こちらも、装備は優先で作るということで納得しているのだが、やはり納得し切れていないのだろう。
「まあ、そういうな、レイ。エイトが生産で忙しいのはいつものことだろう」
「そうですけど。たまには一緒に遊びたいじゃないですか」
「すまないな。今回は、ちょうど依頼を受けられるようになったばかりだから、急ぎで対応するしかないんだよ」
「ごめんねー、レイちゃん。代わりに、藍幻竜素材はたっぷり取りに行けるようにするからさー」
最終的には納得してもらえたので、こちらの問題もあまり気にしないでいいだろう。
あとは……このまま見送れば大丈夫かな?
「それはそうと、エイトよ。藍玉幻竜装備が完成しているのだろう? 装備してみせてもらえないか?」
「それ、私も見たい! お願い、エイト君!」
あー、そっちのお願いがきたか。
装備も一式持ってきているし、問題ないかな。
さて、それじゃあ、装備を交換してと。
「ほれ、これが藍玉幻竜装備だ」
「ふわぁ……きれいな装備……」
「ふむ、青妖精もきれいだったが、やはり藍玉幻竜になると一段と華やかだな」
「だねー。これなら私の全身鎧も期待できるかもー」
「……俺もこれを装備するのか? ちょっと男の俺にはきついぜ」
「ソード先輩、俺もっす」
女性陣には好評、男性陣には不評……というかきつい、って評価か。
なんとなくわかるぞ。
「ちなみに、男性向けの金属鎧はこんな感じになるよん」
若様も装備を変更して、藍玉幻竜装備を身につけて見せる。
それを見て、ソード先輩やブレンも少しほっとしたようだ。
「ふむ、男性向けは少し凜々しい印象だな。そう考えると、なぜにエイトの印象がきれいやかわいいに落ち着くんだ?」
「あー、ほら、仮面のって身長や顔つきが……ね?」
「うっさい」
身長が足りていないのは重々承知だよ!
「さて、それではそろそろ藍幻竜の討伐に向かうとしようか」
「はい、わかりました」
「りょうかーい」
「さて、いっちょ暴れてきますか」
「エイトの分も頑張ってこないとな」
「仮面のは吉報を待っててねん」
「ああ、わかった」
藍幻竜討伐に向かう皆を見送って、俺は工房に戻り藍玉幻竜装備を作り始める。
装備をふたつほど作り終えたタイミングで皆が帰ってきて、無事、藍玉幻竜を倒せたとのことだ。
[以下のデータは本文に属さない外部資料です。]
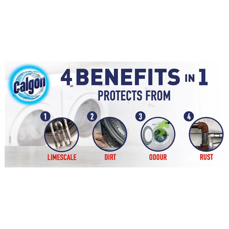 قرصهای جرم گیر کالگون 4u1 با حذف رسوبهای آهک و کمک به عمر طولانیتر ماشین لباسشویی، کارایی ماشین لباسشویی شما را افزایش میدهند. قابل ذکر است که استفاده از قرص جرم گیر ماشین لباسشویی کالگون بسیار راحت، بی دردسر و بدون ایجاد هیچگونه کثیفی است. مواد تشکیل دهنده قرص جرم گیر ماشین لباسشویی کالگون Calgon دارای فرمولاسیون منحصر به فرد پلی کربوکسیلیت است که سختی آب را گرفته و به طور فعال از همان دقایق اول شستشو در مقابل رسوبات آهکی و جرم و کثیفی محافظت می کند. اگر از قرص جرم گیر ماشین لباسشویی سه در یک کالگون استفاده نشود به مرور زمان رسوبات آهکی و باقی مانده مواد شوینده پشت درام، فیلتر و لوله ها تجمع می یابد. این موضوع نه تنها باعث کاهش عملکرد ماشین لباسشویی می گردد، بلکه بوی نامطبوعی ایجاد کرده و مانع یک شستشوی عالی و بی عیب می گردد. تمیز بودن فیلتر به مصرف کم انرژی کمک شایانی می کند.
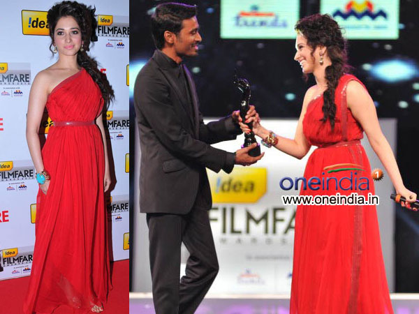 The Filmfare South Awards 2013 was a huge event on the social calendar. The Southern stars put on there best for the Filmfare South Awards 2013. And how could superstar Tamannah miss the opportunity! She was quite sizzling in a single shoulder red gown. Tamannah's gown was from Neeta Lulla's couture.

若様は帰ってしまったようだが、若様と竜墜砲・剛一式が大活躍だったらしい。
フォレスト先輩から、竜墜砲のような弓が作れないか、再度検討してもらえないか頼まれてしまったぞ。
ともかく、全員分の藍玉幻竜装備を受注して今日は終了した。
いま受けてる依頼もあるからすぐには作れないけど、次の週末には間に合うだろう。
……そうなってくると、今度は七月が近づいてきて、リアルでは期末テストも間近なんだけどさ。